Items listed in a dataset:
────────────────────────────────────────

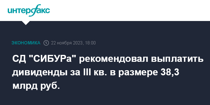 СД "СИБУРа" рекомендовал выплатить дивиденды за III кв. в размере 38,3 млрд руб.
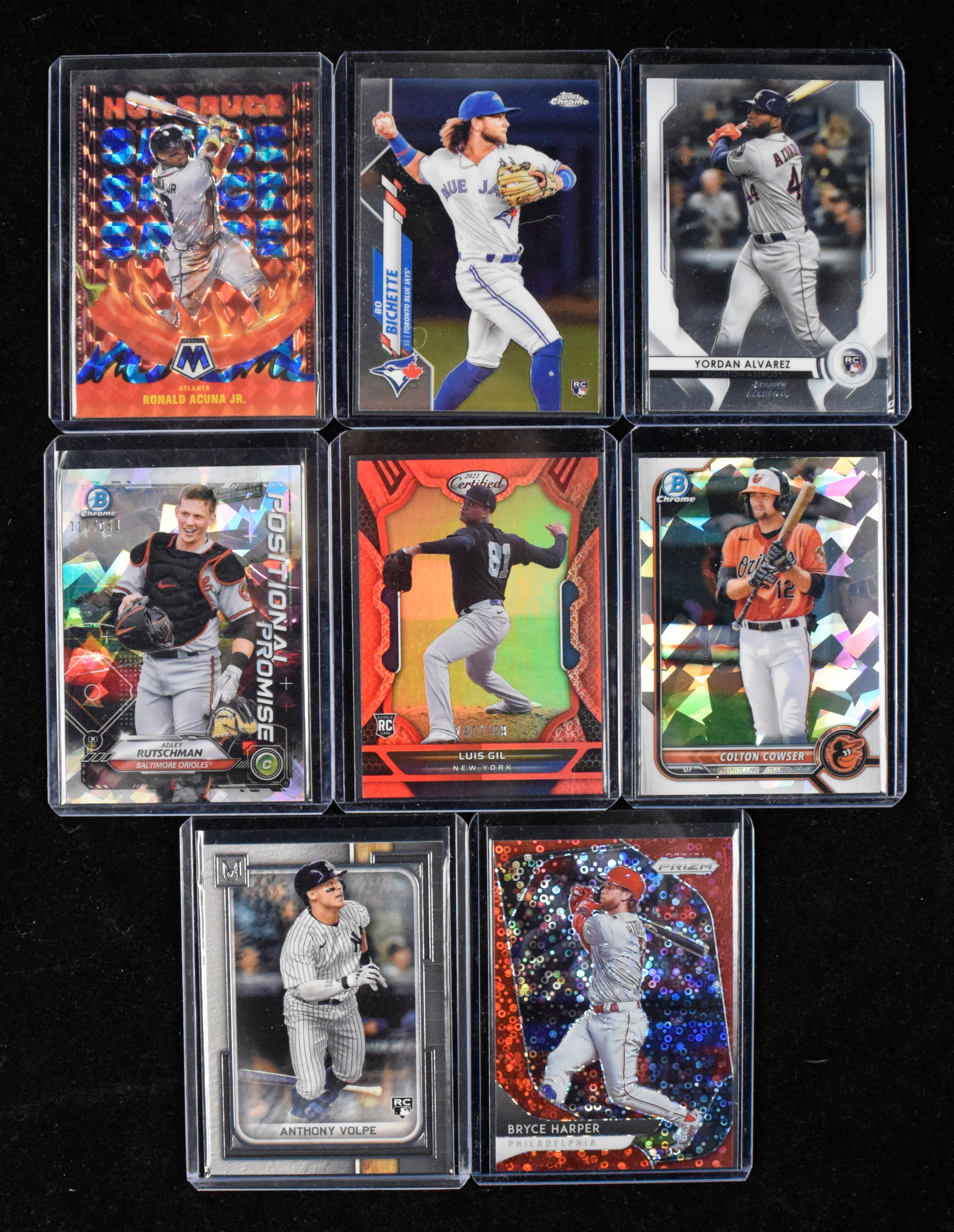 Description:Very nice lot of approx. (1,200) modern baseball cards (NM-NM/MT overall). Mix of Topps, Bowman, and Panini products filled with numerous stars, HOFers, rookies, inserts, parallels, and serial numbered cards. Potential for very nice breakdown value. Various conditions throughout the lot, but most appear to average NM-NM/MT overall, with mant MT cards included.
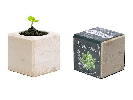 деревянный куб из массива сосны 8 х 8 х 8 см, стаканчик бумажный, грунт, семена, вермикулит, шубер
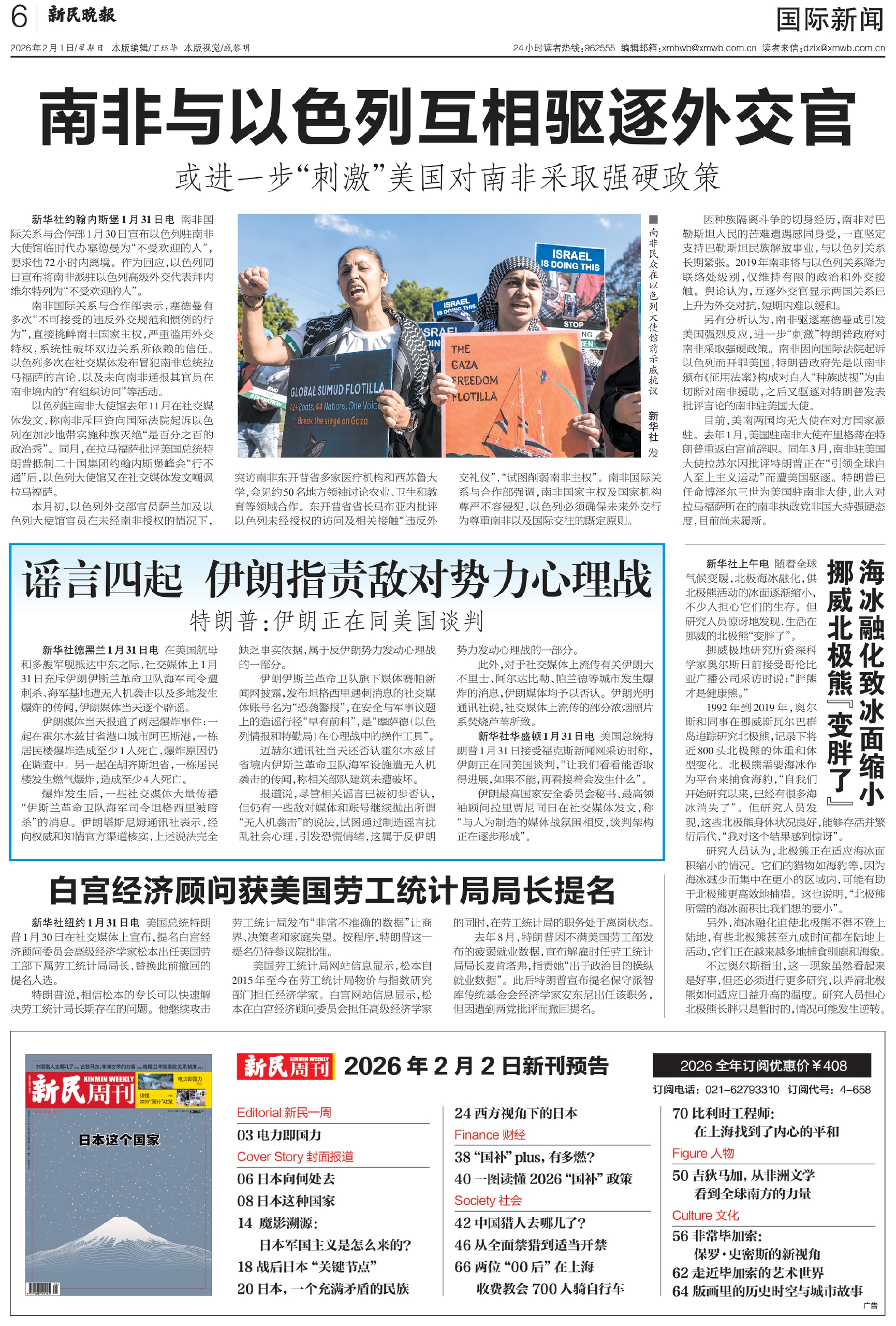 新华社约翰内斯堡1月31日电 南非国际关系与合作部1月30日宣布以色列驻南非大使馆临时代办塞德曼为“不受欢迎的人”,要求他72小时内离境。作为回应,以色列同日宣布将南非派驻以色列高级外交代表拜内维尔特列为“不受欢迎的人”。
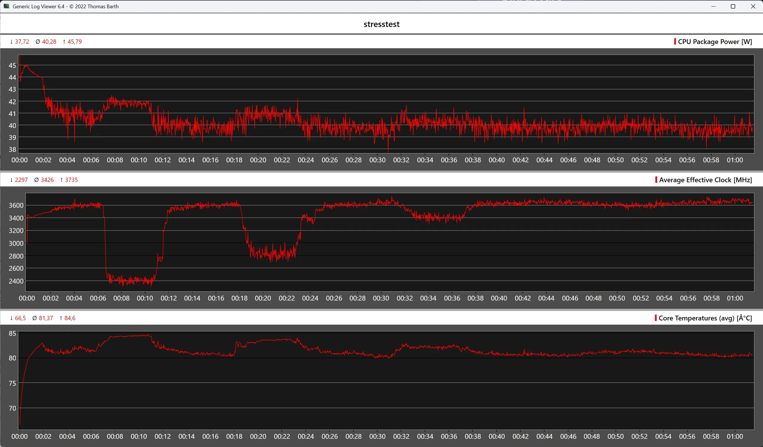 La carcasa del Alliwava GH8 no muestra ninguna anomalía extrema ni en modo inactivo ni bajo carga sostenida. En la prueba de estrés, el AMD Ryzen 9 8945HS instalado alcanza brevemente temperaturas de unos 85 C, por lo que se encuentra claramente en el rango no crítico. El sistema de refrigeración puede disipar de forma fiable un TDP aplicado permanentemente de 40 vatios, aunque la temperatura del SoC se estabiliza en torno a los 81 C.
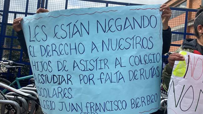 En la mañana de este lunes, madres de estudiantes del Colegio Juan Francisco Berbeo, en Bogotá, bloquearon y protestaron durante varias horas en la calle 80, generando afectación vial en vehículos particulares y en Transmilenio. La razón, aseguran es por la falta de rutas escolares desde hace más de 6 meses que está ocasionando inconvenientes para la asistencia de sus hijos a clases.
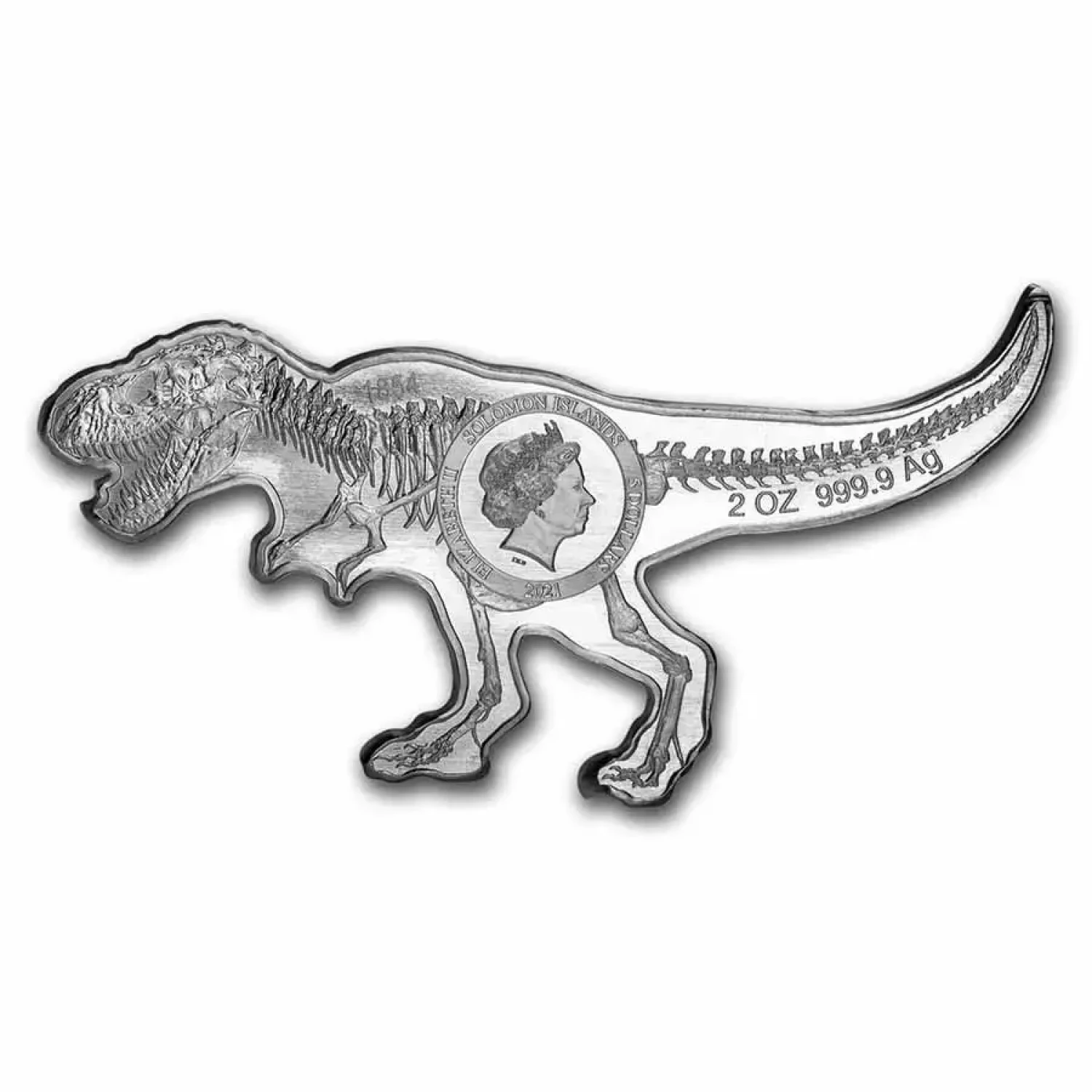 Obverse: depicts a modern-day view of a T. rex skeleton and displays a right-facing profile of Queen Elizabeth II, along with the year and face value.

────────────────────────────────────────

Aim of the task:
Once you find the line containing "En la mañana", retype it and every line after it through the last line of the records above, exactly. Add nothing else, and leave out the pictures.

Output below:
 En la mañana de este lunes, madres de estudiantes del Colegio Juan Francisco Berbeo, en Bogotá, bloquearon y protestaron durante varias horas en la calle 80, generando afectación vial en vehículos particulares y en Transmilenio. La razón, aseguran es por la falta de rutas escolares desde hace más de 6 meses que está ocasionando inconvenientes para la asistencia de sus hijos a clases.
 Obverse: depicts a modern-day view of a T. rex skeleton and displays a right-facing profile of Queen Elizabeth II, along with the year and face value.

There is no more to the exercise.